According to this new paradigm, what we human beings really are is
fields of consciousness conjuring up a world we create of consensual
agreement. Too often this world seems a nightmare because we all put
out conflicting intentions and we shirk our responsibility to wake up
and take charge of our lives. Instead—partly because our paradigm of
reality is too small and outdated—too many of us live in the past or
the future in regrets and dreams rather than in the present moment.
Body and soul, matter and consciousness, are not two separate things,
but simply different manifestations of the same thing.
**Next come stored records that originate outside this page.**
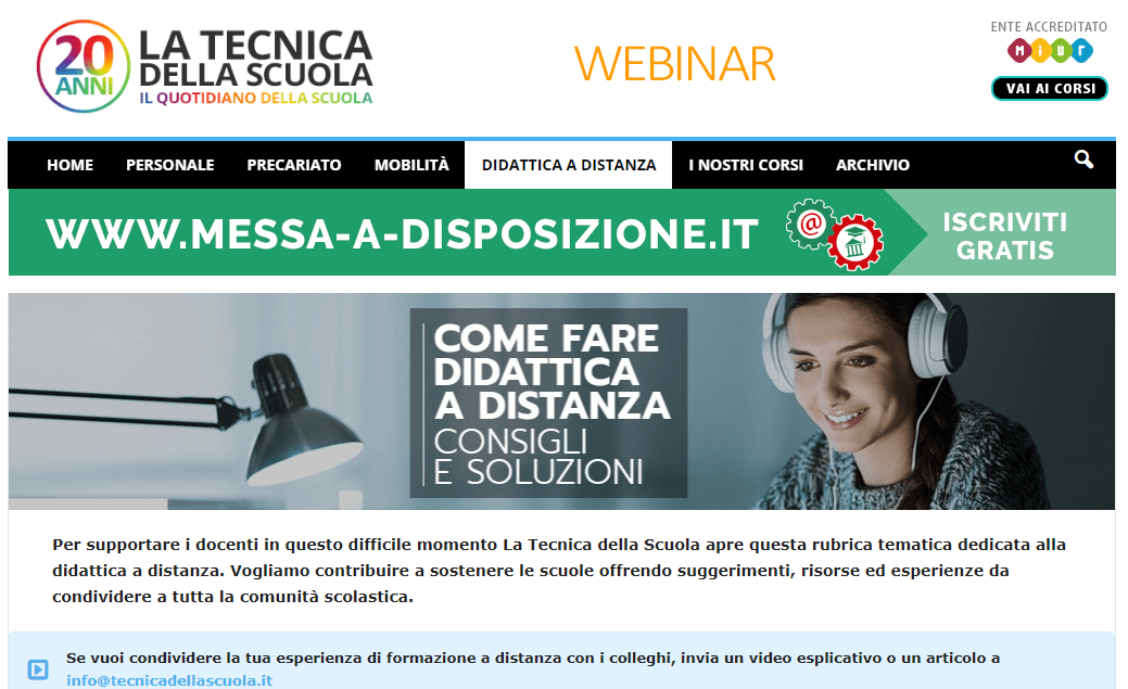 Il momento storico è difficile e la Tecnica della Scuola ha raddoppiato i suoi sforzi per offrire oltre alla normale informazione sul sito internet www.tecnicadellascuola.it, anche una rubrica tematica dedicata alla didattica a distanza.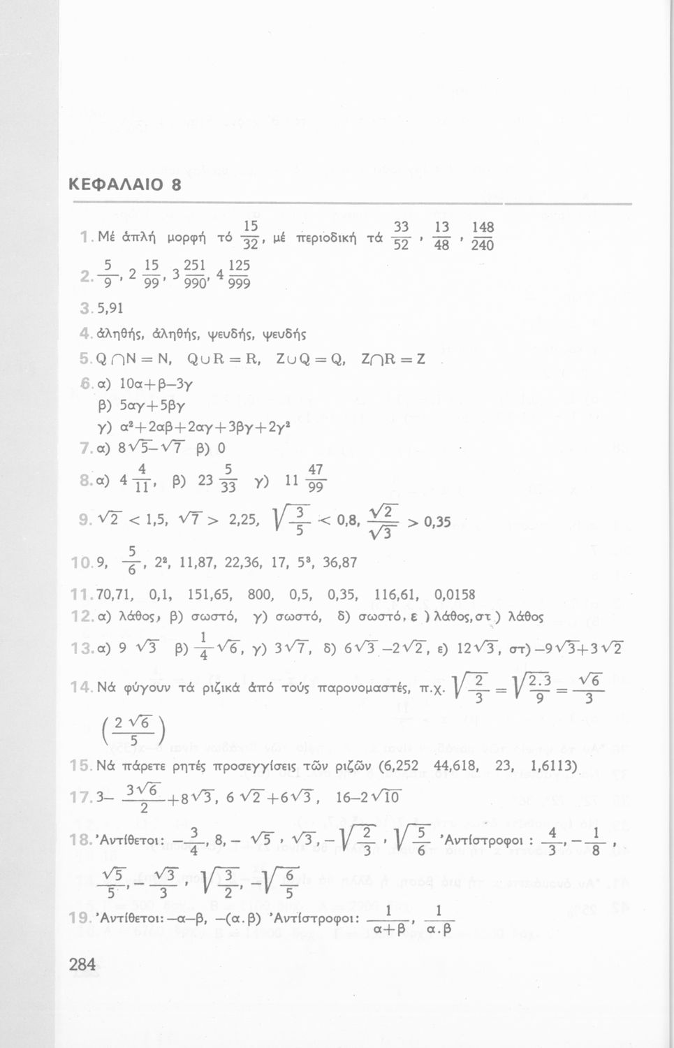 Σχολικό εγχειρίδιο Μαθηματικών Β΄ Γυμνασίου που περιλαμβάνει Άλγεβρα, Γεωμετρία και Τριγωνομετρία.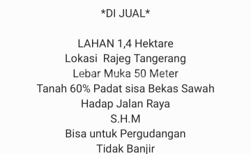 Dijual Tanah 1,4 Ha di Zona Industri Rajeg,Tangerang Lebar muka 50 meter Tanah 60% padat, sisa 40% bekas sawah Hadap jalan raya Lokasi tidak banjir Bisa utk industri atau utk gudang Harga penawaran seb 11 M Utk info lebih lanjut,bpk/ibu harao hubungi Sandy hp no.0816169xxxx kode listing sandy-edhy2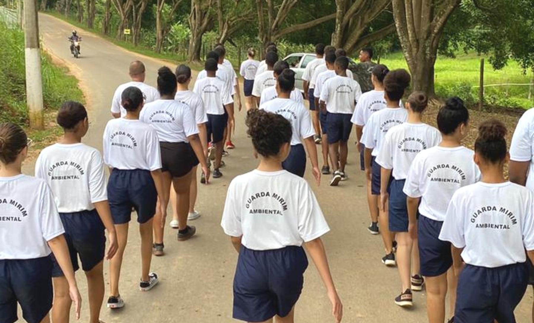 Servidor municipal Raul Carapeba à frente de meninas e meninos que participam da Guarda Mirim Ambiental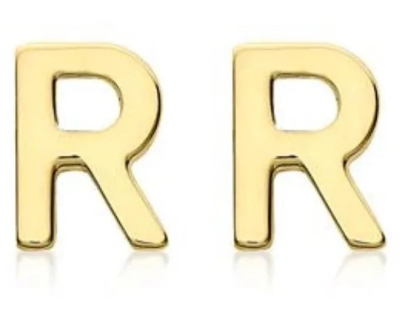 9Ct Yellow Gold Mini Initial 'R' Stud Earrings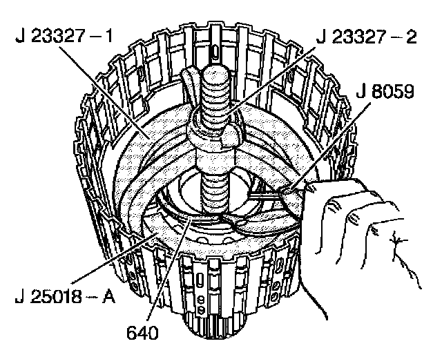10. Use J 23327 and J 25018-A in order to compress the third clutch spring retainer and guide assembly.

Soul and body
are one. “As above, so below.” When we understand ourselves as
spiritual beings—energy fields—interacting with one another, we are
able to transform our lives and become happier and better people.
One dimension of mind appears to us as “meaning.” That dimension seems
to include such qualities as irony, karma and humor. “Karma” is the
notion that every action has consequences, so what you sow, so shall
you reap. We are always living out the consequences of the lives of
those who have lived before. This is what is mythologized in the ideas
of reincarnation and past lives: we resonate with vibrations coming
from the past and we put out vibrations that will have consequences in
the future. Occasionally this appears as “instant karma” when the
consequences result in direct kickback and ironic fulfillment of
self-conflicting intentions.
Another of those dimensions is that of pleasure; energy moving in the
dimension of pleasure manifests as eros, joy, interconnection with
others, affirmation of flesh and human beauty as the mode of
consciousness experiencing itself.
Pleasure as Wonder-full
Pleasure in self-aware human consciousness seems to be an experience of
what in animals is instinct. Following an “instinct” is pleasurable.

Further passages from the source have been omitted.